When a couple gets divorced then one or both parties’ pensions might be distributed between the couple.
In many cases this is done by the pension owner having a percentage of their pension being deducted from their fund. That percentage is then credited to a pension in the other partner’s name. This is called “pension sharing.”
In other cases the a couple might agree an alternative arrangement called “offsetting.”
Offsetting means the receiving party takes less of the pension owners’ fund. In return, they keep more of the equity in the house or other capital assets, such as savings or investments.
This can be attractive to the receiving party because the money or equity they get to keep is of more immediate use to them.

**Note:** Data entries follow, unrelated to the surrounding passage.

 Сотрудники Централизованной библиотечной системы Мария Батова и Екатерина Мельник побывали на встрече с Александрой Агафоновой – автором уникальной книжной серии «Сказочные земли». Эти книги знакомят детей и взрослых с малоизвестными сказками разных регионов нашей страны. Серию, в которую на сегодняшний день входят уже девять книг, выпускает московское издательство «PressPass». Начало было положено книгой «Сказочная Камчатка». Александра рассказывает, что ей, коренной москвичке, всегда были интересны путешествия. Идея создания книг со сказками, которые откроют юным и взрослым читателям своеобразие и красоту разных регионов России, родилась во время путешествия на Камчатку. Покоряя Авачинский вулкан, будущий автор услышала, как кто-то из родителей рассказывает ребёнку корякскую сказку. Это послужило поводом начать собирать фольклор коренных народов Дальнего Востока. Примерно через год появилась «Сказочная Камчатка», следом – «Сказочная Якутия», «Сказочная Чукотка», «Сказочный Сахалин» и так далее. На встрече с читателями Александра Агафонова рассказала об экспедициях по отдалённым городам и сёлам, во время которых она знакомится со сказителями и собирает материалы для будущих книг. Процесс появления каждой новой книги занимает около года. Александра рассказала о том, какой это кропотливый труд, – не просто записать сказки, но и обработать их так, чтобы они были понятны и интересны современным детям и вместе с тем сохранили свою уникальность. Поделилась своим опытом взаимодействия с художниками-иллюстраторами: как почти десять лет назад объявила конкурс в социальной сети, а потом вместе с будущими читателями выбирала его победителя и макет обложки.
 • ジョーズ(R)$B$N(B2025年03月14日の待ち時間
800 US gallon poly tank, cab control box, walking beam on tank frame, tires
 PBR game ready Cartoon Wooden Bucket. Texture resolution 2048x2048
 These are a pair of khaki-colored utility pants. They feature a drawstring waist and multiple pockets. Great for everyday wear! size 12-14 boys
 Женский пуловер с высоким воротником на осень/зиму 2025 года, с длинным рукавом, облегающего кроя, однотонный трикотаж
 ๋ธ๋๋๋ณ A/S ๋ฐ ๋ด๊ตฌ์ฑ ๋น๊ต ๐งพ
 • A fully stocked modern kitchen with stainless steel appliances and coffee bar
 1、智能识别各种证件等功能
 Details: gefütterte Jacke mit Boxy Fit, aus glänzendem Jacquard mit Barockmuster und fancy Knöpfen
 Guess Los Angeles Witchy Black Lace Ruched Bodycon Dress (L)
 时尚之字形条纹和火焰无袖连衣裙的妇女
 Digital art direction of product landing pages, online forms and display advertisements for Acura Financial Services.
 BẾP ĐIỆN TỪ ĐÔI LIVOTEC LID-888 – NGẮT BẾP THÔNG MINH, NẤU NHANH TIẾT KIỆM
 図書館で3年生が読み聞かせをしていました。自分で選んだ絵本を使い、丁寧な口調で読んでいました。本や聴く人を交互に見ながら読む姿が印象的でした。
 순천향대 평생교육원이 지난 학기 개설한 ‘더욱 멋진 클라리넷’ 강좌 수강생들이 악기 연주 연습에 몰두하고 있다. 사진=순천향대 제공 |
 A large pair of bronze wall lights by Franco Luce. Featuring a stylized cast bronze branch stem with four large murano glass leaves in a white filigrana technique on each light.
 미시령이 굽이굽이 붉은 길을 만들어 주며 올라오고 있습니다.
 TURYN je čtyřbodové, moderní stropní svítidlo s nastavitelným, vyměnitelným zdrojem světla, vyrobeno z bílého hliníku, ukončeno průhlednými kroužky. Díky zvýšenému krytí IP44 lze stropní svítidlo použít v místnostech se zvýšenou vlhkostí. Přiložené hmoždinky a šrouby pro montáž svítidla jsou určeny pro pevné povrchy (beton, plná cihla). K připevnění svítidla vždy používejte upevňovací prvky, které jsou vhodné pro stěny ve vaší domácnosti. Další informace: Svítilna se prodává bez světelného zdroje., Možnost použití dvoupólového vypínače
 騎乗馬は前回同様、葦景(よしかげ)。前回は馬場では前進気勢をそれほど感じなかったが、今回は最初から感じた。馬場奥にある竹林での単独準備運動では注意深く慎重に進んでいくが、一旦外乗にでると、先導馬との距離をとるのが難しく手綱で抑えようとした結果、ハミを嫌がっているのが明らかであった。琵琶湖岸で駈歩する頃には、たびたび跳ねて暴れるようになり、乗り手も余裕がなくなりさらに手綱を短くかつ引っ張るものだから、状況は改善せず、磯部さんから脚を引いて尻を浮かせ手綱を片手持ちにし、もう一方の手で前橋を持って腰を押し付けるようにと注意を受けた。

A pension share, on the other hand, might not be of any use to the receiving party for quite a while. Many pension funds, for example, can only be accessed at 55. Even then, there could be tax penalties to be paid if they wanted to take out money from a pension before a more conventional retirement age of, say, 67 years of age.
Typically, only 25% of a pension fund can be withdrawn tax free. If the remainder of the pension share fund is subsequently relied upon to pay out a monthly pension payment, then income tax might also have to be paid.
Using equity in a property or other savings to offset the receiving party’s pension claim requires careful attention.
Proper consideration has to be given to precisely how much the pension owning party has to pay. It is too simplistic to assume that the payment should be a simple pound for pound trade-off.
For example, if a couple owned a house with £500,000 equity in it and the husband had a pension worth a similar amount, could the non-pension owning spouse say “I’ll keep the house and you keep your pension?”
The couple could agree to do this and many couples do. The agreement is logical on one hand.
The wife is offsetting her potential claim for one half of her husband’s pension – amounting to £250,000 - by keeping hold of his assumed half-interest in the house – also £250,000. One equals and offsets the other.
Let us consider, first, the risk for the paying party.
The pension owning party will likely be paying too much in equity or capital if the potential pension claim is paid off, or offset, pound for pound. It is often possible to agree a discount to reflect the fact that the receiving partner will get certain advantages in having capital rather than the pension funds or to reflect tax savings that they might otherwise benefit from.
A wife, for example, who keeps more of the equity in the family home, is unlikely to have to pay tax on that. Had she taken the pension share then she might have had to pay tax when she withdrew money from the pension fund or possibly pay income tax on the future monthly pension payments that she would receive in her retirement.
Similarly, if the husband is retaining more of his pension then he might have a higher tax liability in the future than he would if he took some capital now.
It is possible, therefore, to discount the capital paid to offset a pension share claim either for the tax that is saved or to compensate the pension owner for the extra tax they might have to pay.
There is another basis for discounting the capital that is paid instead of pension share, and this is called the “utility discount.” This can apply if the receiving party is free to use the capital they retain or receive in any way they want and, critically, whenever they want instead of waiting to age 55 or full retirement age.
The recently released Guide to the Treatment of Pensions on Divorce suggests that the discount that might be applied for tax and utility purposes could be between 20-40% or even higher.
In our example set out above, therefore, the husband might only have to pay his wife with £150,000 of additional capital to offset her claim against, say, £250,000 of pension funds.
Clearly the numbers being used here are for illustration purposes only and the incidence of complicating factors also minimised but the point remains; failing to fully consider the extent of discounts on offset pension claims may lose the paying party money.
Likewise, there could be risks for the receiving party in offsetting agreements. We will discuss this in greater depth in a future article but will summarise the risk here.
The greatest risk is that the receiving party’s wish or need to retain the family home overrides considerations about future income and benefit.
Financial modelling can show how taking more capital up- front results in the receiving party being comparatively worse off in the medium to longer term.
The party who retains the pension, usually combined with a far greater salary, is able to purchase a replacement home and subsequently pay down the mortgage on it. As time passes, they benefit from the full tax-free lump sum from their pension and pension income for the rest of their life.
The party who has retained the house has the short-term benefit but can soon find themselves falling behind their partner in capital and income terms, especially when it comes to retirement age. Whereas the pension holder has secure housing and a guaranteed income for life, the party retaining the home might find they have to downsize to release capital to meet living expenses.